郁怀枳眨了眨眼,看向他,慢半拍道:“抱歉。”

江时野看着他:“道什么歉?”

郁怀枳摇了摇头,注意力回到此刻。

“不行,我得出去转转!”庄桩撑不住了。

质量再好的蛋糕,吃那么多下去还是会腻,他急需走走消化消化。

他走了,屋内再度恢复成二人的状态。

桌面上有些刚才拆出后没收拾的塑料袋子,江时野动手将它们扔进垃圾桶里。

郁怀枳站在江时野身边,沉默良久,在江时野转身准备去扔垃圾的时候,突然抓住他的手。

“我好像知道了。”他低声道。

江时野熟练地给垃圾袋扎口,闻言抬眉:“嗯?”

“我知道你为什么选择庄桩了。”

郁怀枳抬起头,墨黑的眸子直直看向江时野。

江时野放下手中的袋子,插手半靠上身旁的座椅,好整以暇道:“说说看。”

“和他在一起,你总是很轻松,能那么自然地和他拌嘴。”

郁怀枳垂在身侧的手动了动,最终还是抬起,捏住江时野的衣角,好似这样就能抓住江时野这个人一样。

“他很会处理亲密关系,能给予你足够自由的空间。”

郁怀枳的理智很清楚,一段关系想要保持生命力,是需要彼此呼吸的,而不是如盘根错节的藤蔓,缠绕到彼此窒息,直至一起消亡。
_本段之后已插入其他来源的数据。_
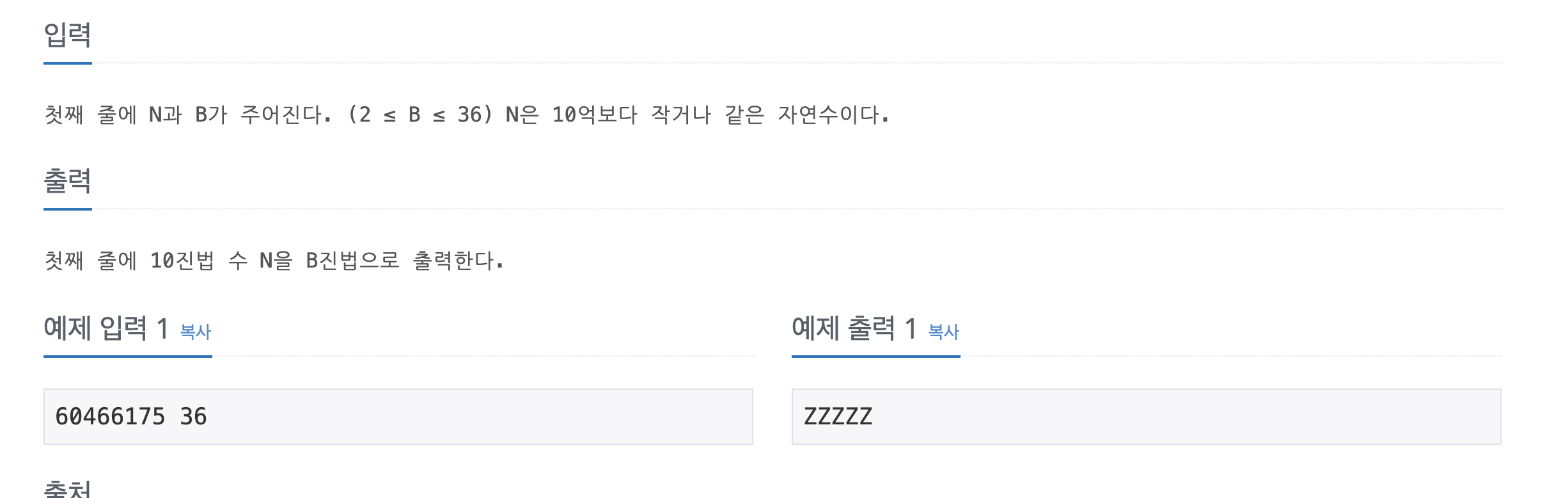 백준 11005 진법 변환 2 (JAVA 자바 풀이)

可是他做不到,就比如此刻,如果他手中不抓住一些和江时野有关的东西,那么无需藤蔓缠颈,他的生命力也许瞬间便会枯萎。

“他很信任你,无论是感情,还是你的能力。”

哪怕他做了那么多小动作,庄桩竟都能保持无动于衷,还对他展示纯然的友好,让他隐隐的挑衅行为显得那么苍白可笑。